**Provided material:**
────────────────────────────────────────

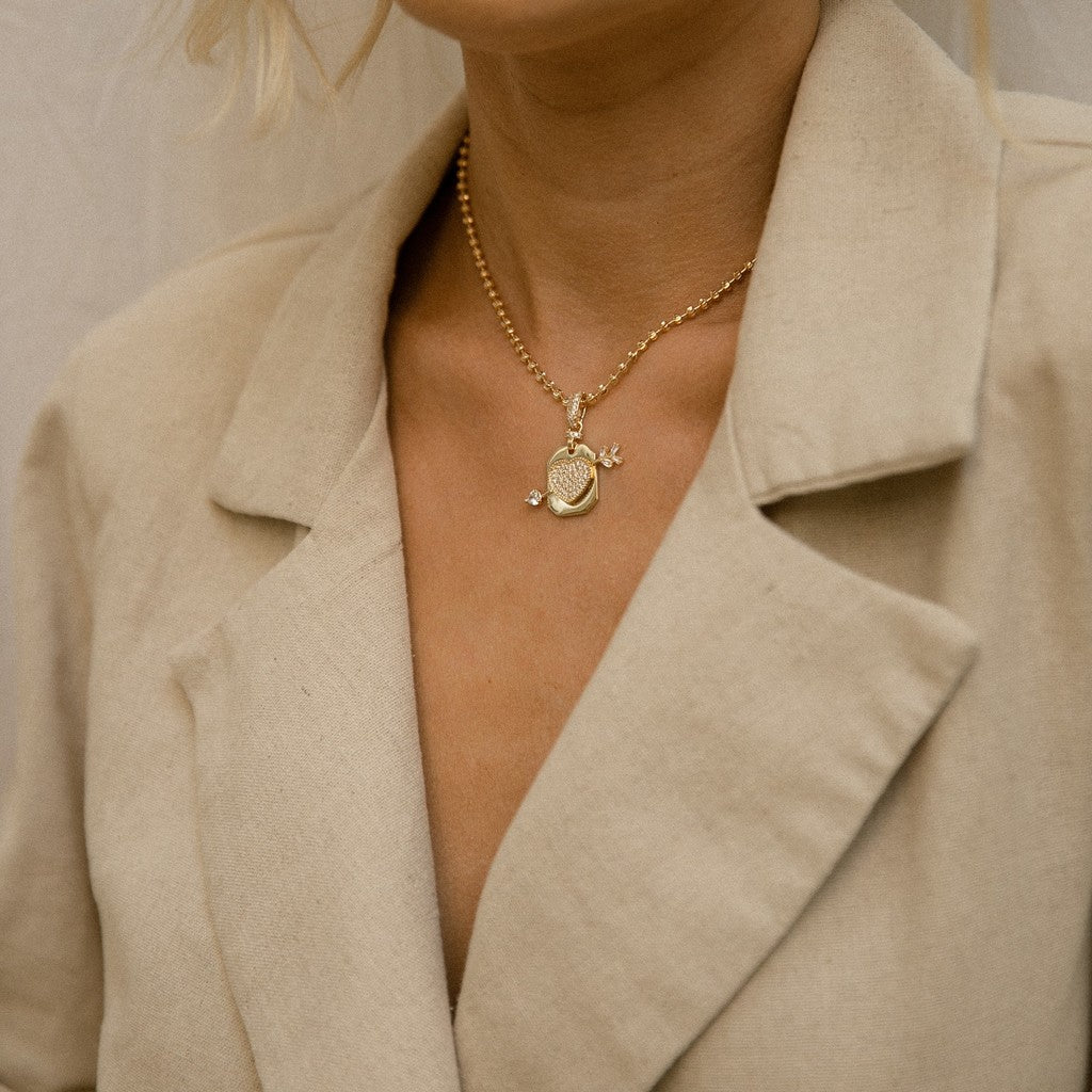 Pingente Medalha Coração Flechado
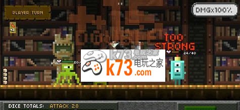 《迷你骰子》是一款像素闯关游戏,游戏虽然是像素画质,但是内容一点都不枯燥,可谓相当丰富。像素战斗类游戏可能不少玩家都接触过,不过本款游戏的创新绝对闻所未闻,将骰子点数与攻击力直接划等号的设计一定会让你耳目一新。游戏的操作很简单,怪物需要一波波来打,每次轮到自己出招,点击左下角的骰子,积累点数,达到自己想要的点数和,就可以点击选择怪物,然后点击右下角的攻击就行了,攻击是不会MISS的,只有当自己掷出1点的时候才会判定为MISS,但是1点的几率还是挺大的哟,不要太贪心积累点数了。下面小编就为大家带来该款游戏的过关技巧,一起来看看吧!
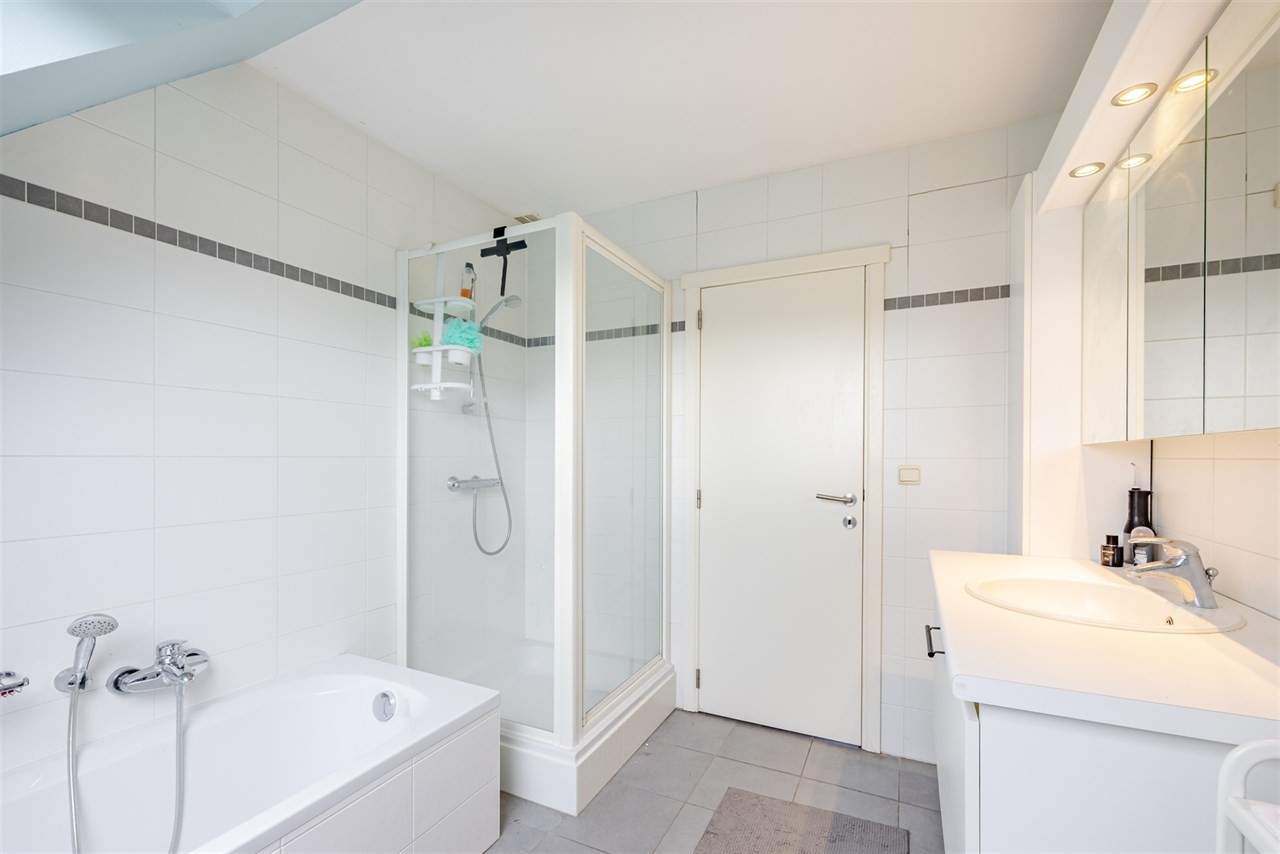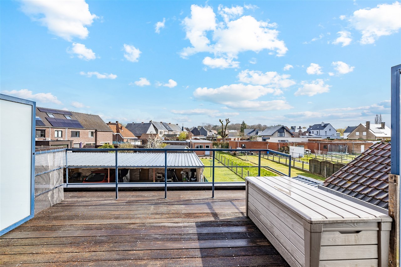 Het appartement is toegankelijk vanop de eerste verdieping. Vanuit de privatieve inkomhal (met apart toilet), kom je rechtstreeks in de open leefruimte mét open keuken en terras (zuidoost). Aansluitend bij de keuken is er een praktische berging met aansluitingen voor wasmachine en droogkast). Op de tweede verdieping bevinden zich een nachthal, 2 slaapkamers en de badkamer (met toilet, 1 wastafel, bad en afzonderlijke douche). Als kers op de taart geniet dit appartement op een derde bouwlaag (onder het dak) over een zeer ruime bergzolder, toegankelijk vanuit de nachthal.
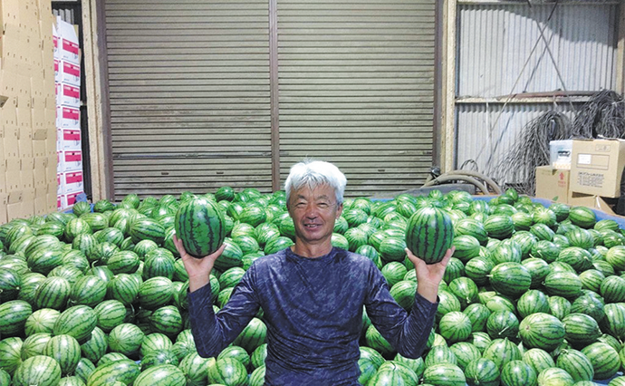 皮が薄く、食べたときのシャリシャリ感が抜群で皮の際まで甘くてうまいと大好評。切らずに冷蔵庫にすっぽり収まるサイズなので、直前まで鮮度を保てる。リピーターも多く、「皆さまから届く『おいしい!』に励まされています」と語る生産者の藤田益弘さん。2026年5月下旬から発送予定の先行予約も始まっている。

────────────────────────────────────────

**Work task:** Please repeat, exactly as written, only the lines from the line with "Het appartement is" to the end of the data, leaving out every picture.

**Result for this task:**
 Het appartement is toegankelijk vanop de eerste verdieping. Vanuit de privatieve inkomhal (met apart toilet), kom je rechtstreeks in de open leefruimte mét open keuken en terras (zuidoost). Aansluitend bij de keuken is er een praktische berging met aansluitingen voor wasmachine en droogkast). Op de tweede verdieping bevinden zich een nachthal, 2 slaapkamers en de badkamer (met toilet, 1 wastafel, bad en afzonderlijke douche). Als kers op de taart geniet dit appartement op een derde bouwlaag (onder het dak) over een zeer ruime bergzolder, toegankelijk vanuit de nachthal.
 皮が薄く、食べたときのシャリシャリ感が抜群で皮の際まで甘くてうまいと大好評。切らずに冷蔵庫にすっぽり収まるサイズなので、直前まで鮮度を保てる。リピーターも多く、「皆さまから届く『おいしい!』に励まされています」と語る生産者の藤田益弘さん。2026年5月下旬から発送予定の先行予約も始まっている。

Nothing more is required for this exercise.